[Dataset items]
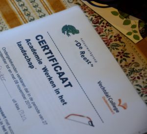 twee poelen op Rabbinge. De vennetjes kregen niet veel licht meer en de opslag van wilg en els werd weggehaald. De kikkers en salamanders zullen er blij mee zijn. Op de vijfde middag werd een deel van een houtsingel bij Den Huizen afgezet. Op donderdag 8 november 2018 kregen de eerste- en tweedejaarsleerlingen van ons een certificaat. In De Wheem werd het project in een gezellige sfeer afgesloten.
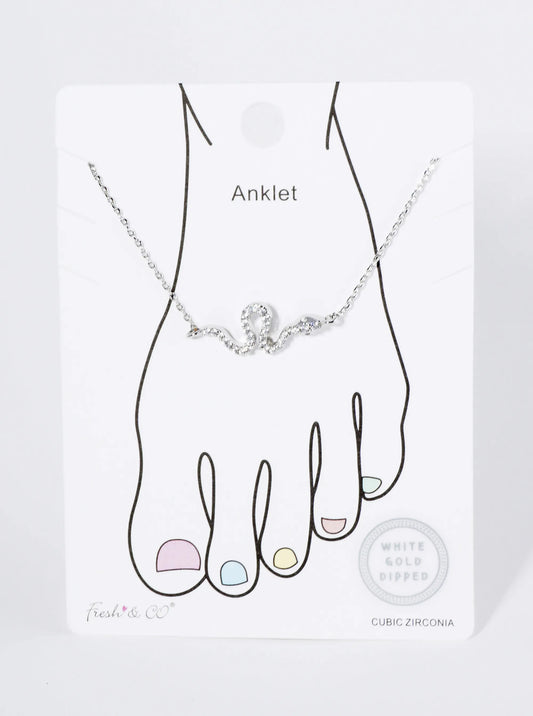 18K Gold Dipped Cubic Zirconia Snake Brass Chain Anklet
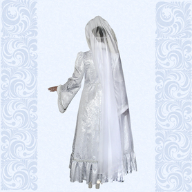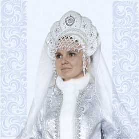 Красивый карнавальный костюм может создать образ Снегурочки, или Снежной королевы, или Зимушки в зависимости от пожеланий его обладательницы. Шубка выполненная из белой парчи с серебристым мерцающим узором (напоминающим ледяные узоры на окнах зимой), украшенная белым искусственным мехом и тесьмой с люрексом. Удобный и универсальный фасон, с регулируемой кулиской по талии, потайной застежкой, расклешеными рукавами.
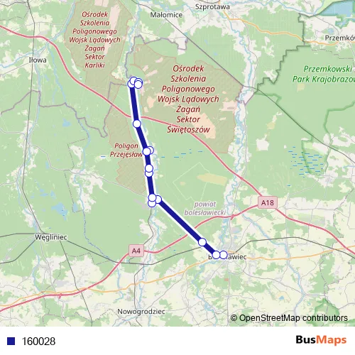 The first stop of the 160028 bus route is Boleslawiec, ul. Wesola d.a. and the last stop is Swietoszow, Sztabowa. 160028 is operational during w dni robocze.
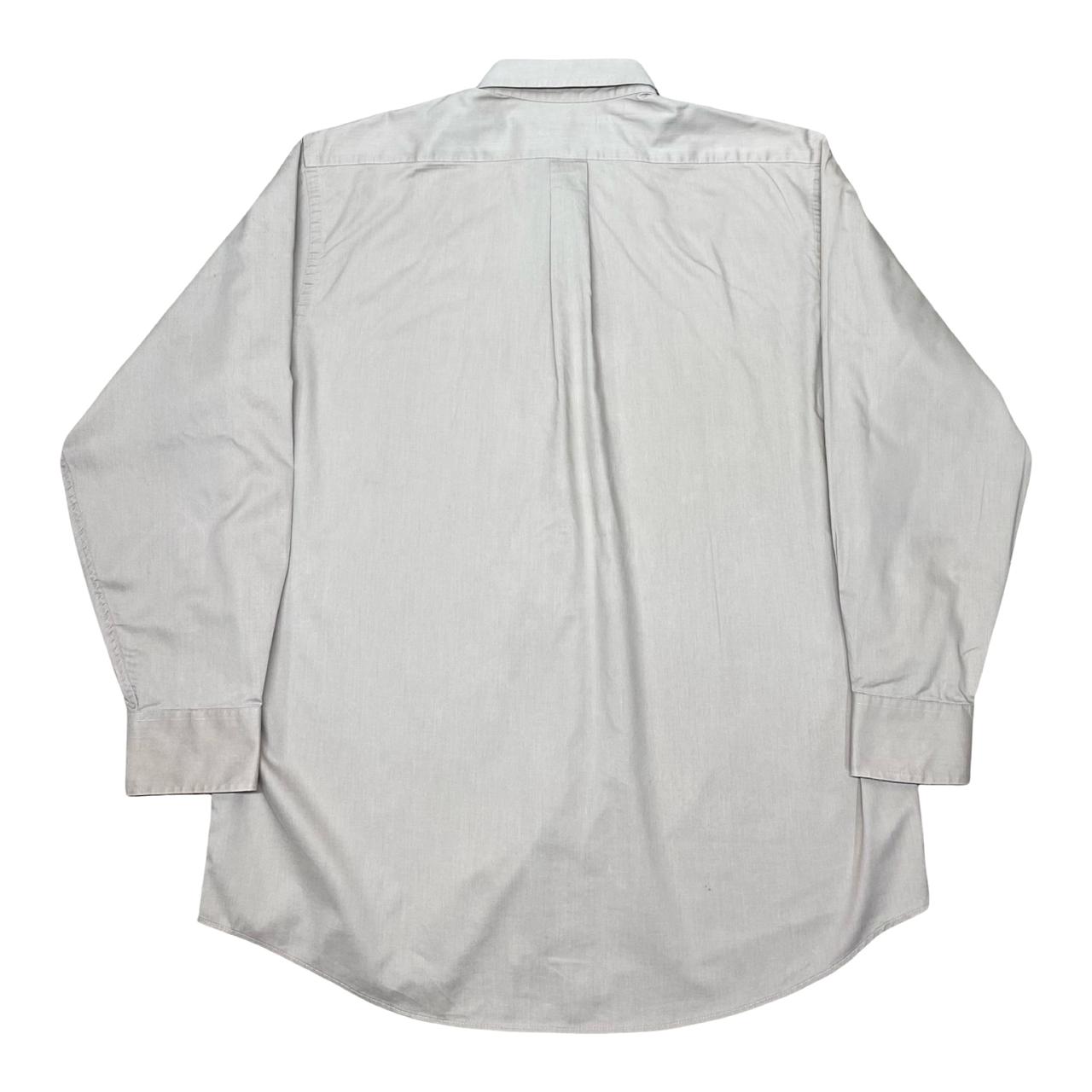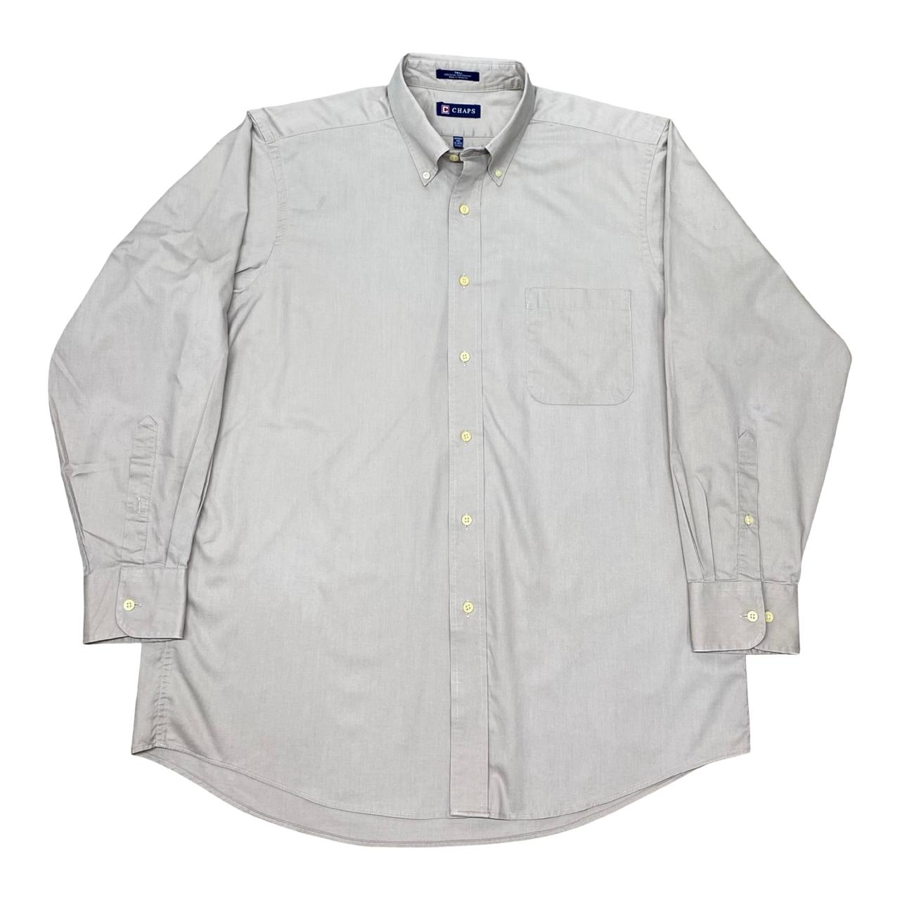 Classic and versatile Chaps long-sleeve solid button-down shirt in light grey. Designed with a timeless button-down collar, chest pocket, and traditional fit, this piece works perfectly for both casual and formal layering.
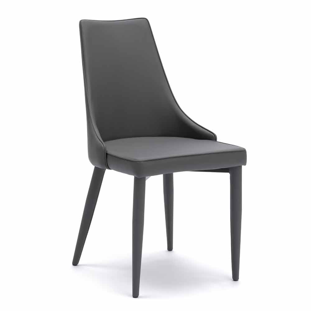 Stol med metallram helt täckt i mörkgrått konstläder.
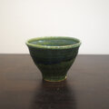 全体に織部釉(緑釉)を施釉しています。ロクロ成型時についた轆轤目の跡に釉が溜り、濃淡が景色となっています。井戸型に近く深さが特徴です。
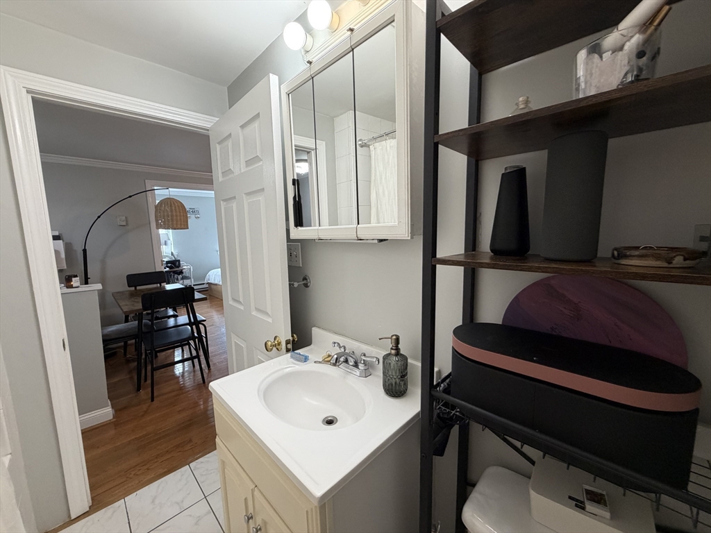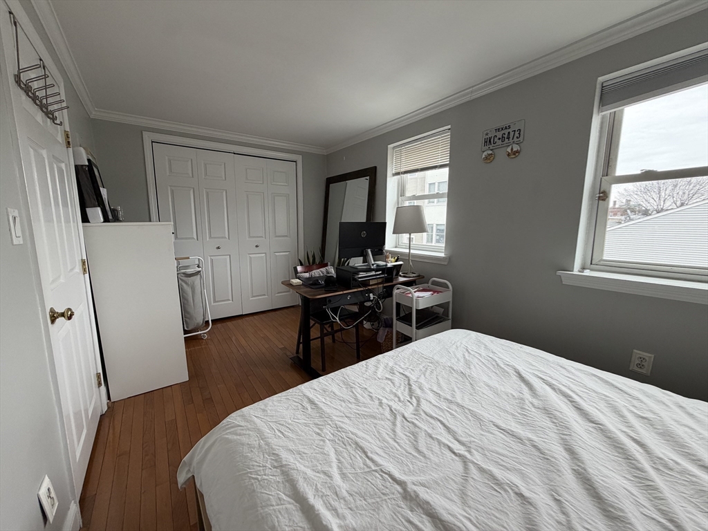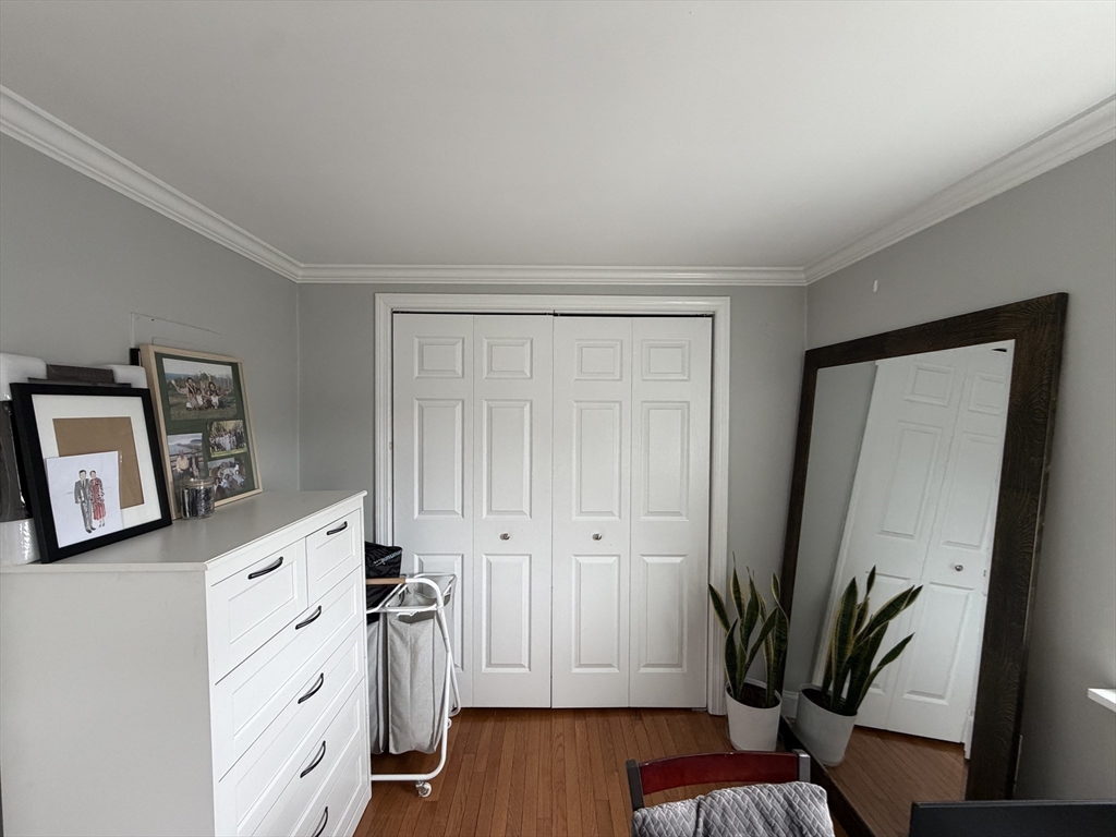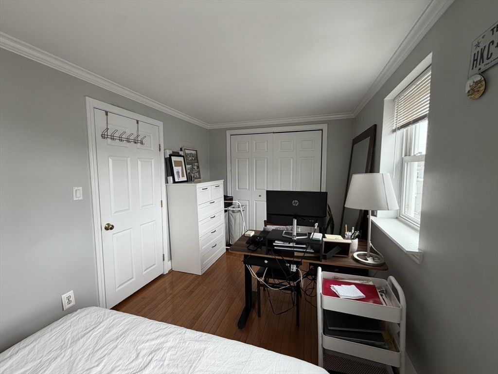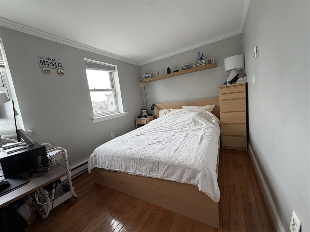 Top floor, lovely 1 bed 1 bath available 8/1. This bright unit features an open floor plan with a modern kitchen and updated bath. Spacious bedroom includes an oversized closet with custom built-ins for excellent storage. Enjoy a private back deck, perfect for relaxing or entertaining. Additional amenities include a dedicated basement storage unit and common laundry in the basement. Ideally located in South Boston with easy access to local restaurants, shops, and cafes—just a short walk to Tatte and Park City. Great opportunity to live in a well-maintained home in a convenient and vibrant neighborhood.
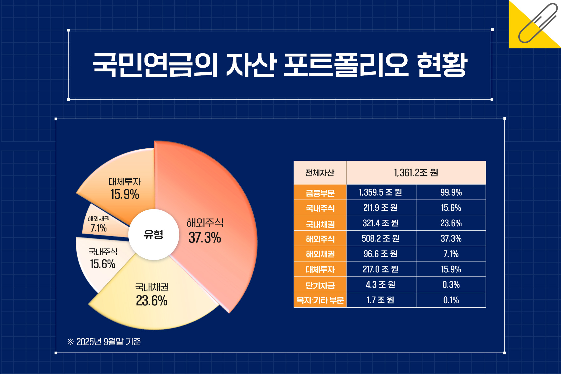 국민연금의 자산 포트폴리오 구성내역을 보면 2025년 9월 말 현재 해외주식 규모를 보면 전체자산 1,361조원의 37.3%인 508조원이다. 해외채권도 97조원으로 전체자산의 7.1%를 차지하고 있어 이들 투자에 달러가 필요하였을 것이고 환율에 영향을 미쳤을 것이다.
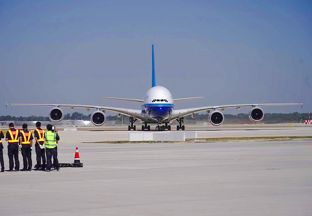 5月13日9時29分,一架南方航空公司空客A380飛機平穩(wěn)降落在北京大興國際機場西一跑道上。隨后,東方航空公司空客A350-900飛機、廈門航空公司波音B787-9飛機也先后在公司參建的北京大興國際機場西二、西一跑道降落和起飛。飛行程序試飛工作首次試飛圓滿成功,這標志著北京大興國際機場的工作重心由基礎建設轉向了準備投運通航。
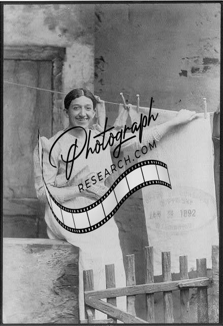Advertisement - woman at clothesline with bar of Kirkman's Borax Soap,c1891
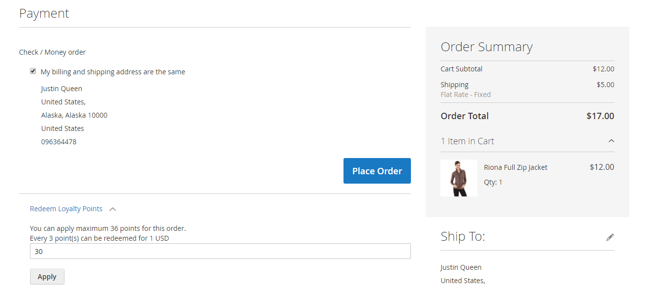 At check out page, customer can enter their available points to be redeemed for money.

Exercise aim:
All that should appear in the response is the run of lines from the one with "Advertisement - woman" through the final line of the records, restated exactly, with pictures omitted.

Response for this exercise:
Advertisement - woman at clothesline with bar of Kirkman's Borax Soap,c1891
 At check out page, customer can enter their available points to be redeemed for money.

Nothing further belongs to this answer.